Susahnya Jadi Jurnalis di Indonesia Setahun Terakhir
Laporan terbaru dari sebuah lembaga advokasi demokrasi mengungkap, kebebasan pers di Indonesia berada satu tingkat di bawah Australia…
Dari sejumlah negara yang tergolong \'Bebas\' menurut penilaian Freedom, sebanyak 19 persen atau 16 negara di antaranya mengalami penurunan skor kebebasan pers selama lima tahun terakhir.
Hal itu, sebut Freedom House, sesuai dengan temuan kunci dari laporan mengenai "Kebebasan di Dunia" - bahwa demokrasi, pada umumnya, mengalami penurunan dalam hak-hak politik dan kebebasan sipil.

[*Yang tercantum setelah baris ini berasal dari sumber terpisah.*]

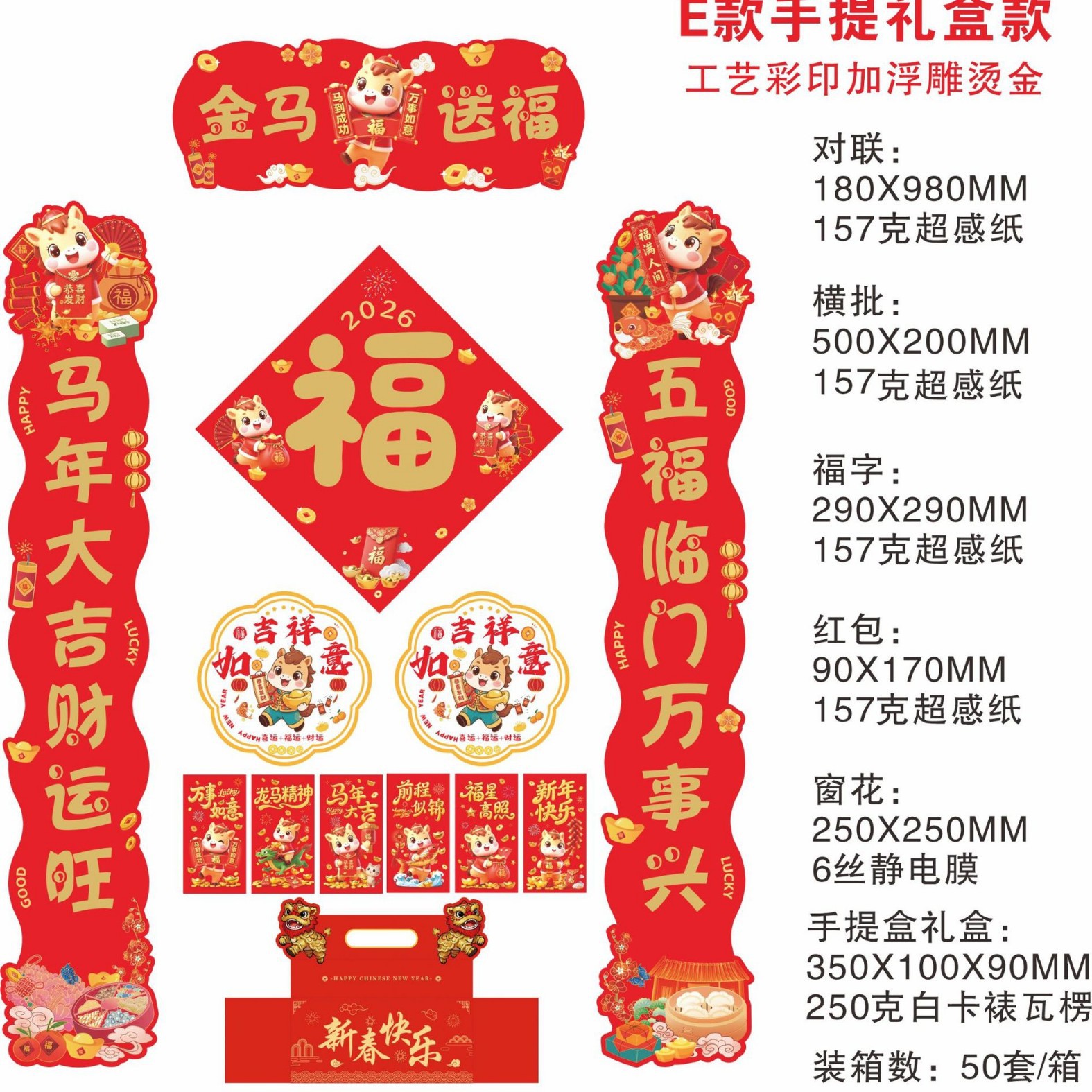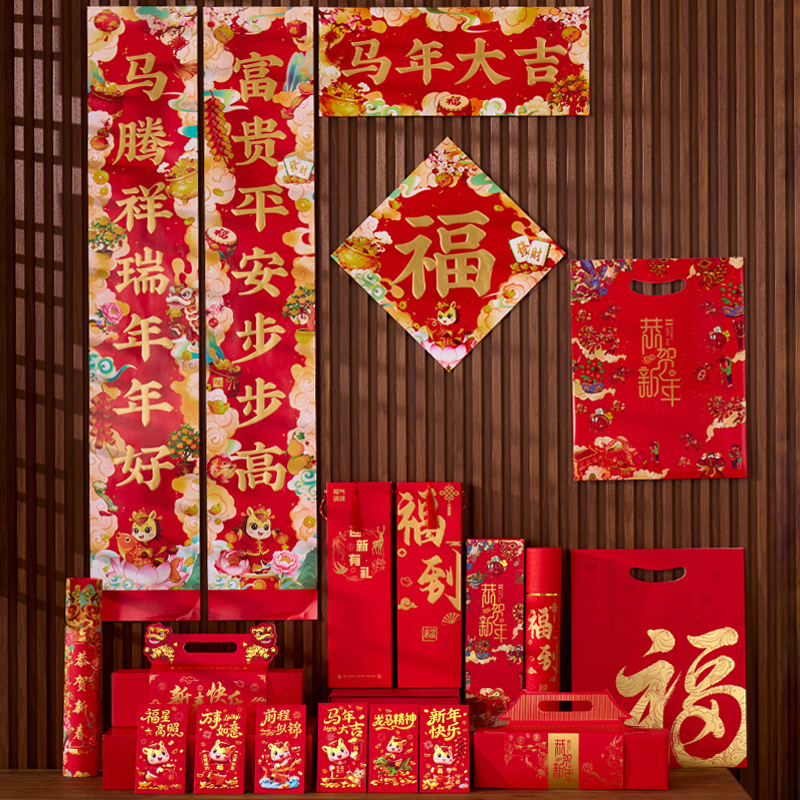 2026马对联定制故宫异形烫金大礼包专版植绒广告春联礼盒印logo

Di beberapa negara demokrasi paling berpengaruh di dunia, sebagian besar masyarakat tak lagi menerima berita dan informasi yang tidak bias.

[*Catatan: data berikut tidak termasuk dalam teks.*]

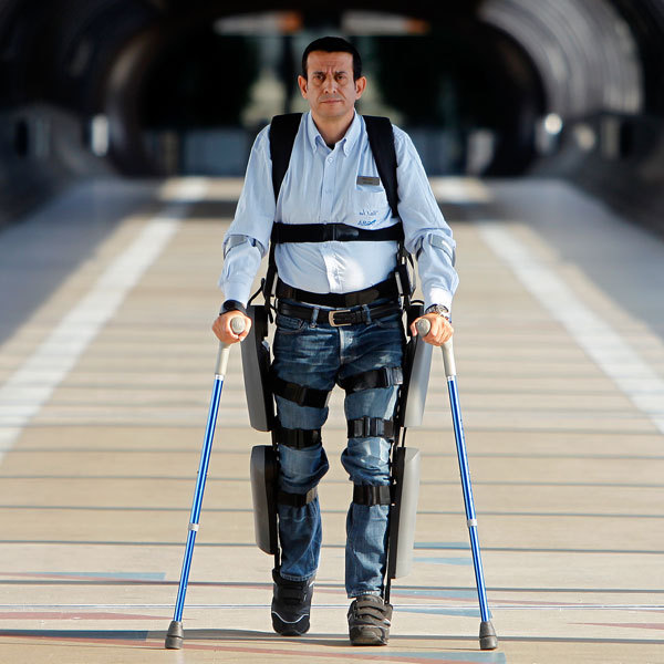 无独有偶,以色列的一家公司ReWalk 开发了一种由电池供电的外骨骼套装。依靠轮椅移动的人穿上这件西装之后可以站起来,甚至走路。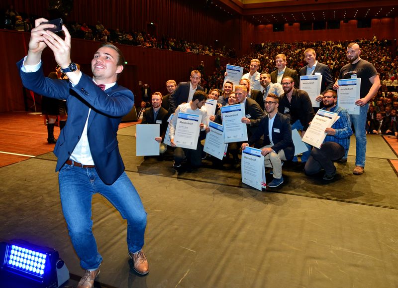 Präsident Herrmann, Vizepräsident August Wannenmacher, Hauptgeschäftsführer Dr. Joachim Eisert und der stellvertretende Hauptgeschäftsführer Rainer Neth werden den Jungmeisterinnen und Jungmeistern aus 13 Gewerken auf der Bühne die Meisterbriefe überreichen.

Lembaga penggiat demokrasi dan hak asasi manusia itu menjelaskan, hal tersebut terjadi bukan karena jurnalis dijebloskan ke bui, seperti yang mungkin terjadi dalam negara otoriter.
Sebaliknya, media malah melakukan upaya yang terkesan membatasi kebebasan mereka sendiri. Sebagai contoh, adanya perubahan kepemilikan media yang didukung pemerintah, muncul regulasi yang mengikat dan tekanan keuangan, serta munculnya pengaduan dari publik terhadap jurnalis yang jujur.
Di sisi lain, Pemerintah di beberapa negara juga menawarkan dukungan proaktif ke media yang dianggap kooperatif melalui langkah-langkah seperti kontrak negara yang menguntungkan, regulasi yang menguntungkan, dan akses ke dokumen negara.
Freedom House mengatakan upaya itu bertujuan untuk membuat pers melayani mereka yang berkuasa ketimbang publik.
"Di beberapa negara demokrasi paling berpengaruh di dunia, para pemimpin populis telah mengawasi upaya bersama untuk menekan kebebasan media," kata Sarah Repucci, direktur senior untuk penelitian dan analisis Freedom House.
"Sementara ancaman terhadap kebebasan media global begitu mengkhawatirkan, pengaruhnya terhadap demokrasi adalah hal yang membuat langkah itu benar-benar berbahaya."
Repucci merinci masalah itu muncul secara bersamaan dengan populisme sayap kanan, yang telah merusak kebebasan dasar di banyak negara demokratis.
"Para pemimpin populis menampilkan diri mereka sebagai pembela mayoritas yang dirugikan terhadap elit liberal dan etnis minoritas yang kesetiaannya mereka pertanyakan."
"Dan berpendapat bahwa kepentingan bangsa - sebagaimana mereka definisikan - harus mengesampingkan prinsip-prinsip demokrasi seperti kebebasan pers, transparansi, dan debat terbuka," tulisnya dalam Freedom and the Media: A Downward Spiral.
Meski demikian, gambaran global mengenai kebebasan pers tak sepenuhnya suram. Lembaga tersebut memaparkan, ada contoh kemajuan demokrasi selama dua tahun terakhir yang terjadi di beberapa negara Afrika, Asia, dan Amerika Selatan.
Salah satunya adalah negara tetangga Indonesia, yakni Malaysia. Di negeri jiran, pencabutan tekanan politik terhadap media memungkinkan media independen untuk bangkit kembali dari sensor dan juga memungkinkan media yang sebelumnya pro-pemerintah untuk memproduksi pemberitaan yang lebih kritis.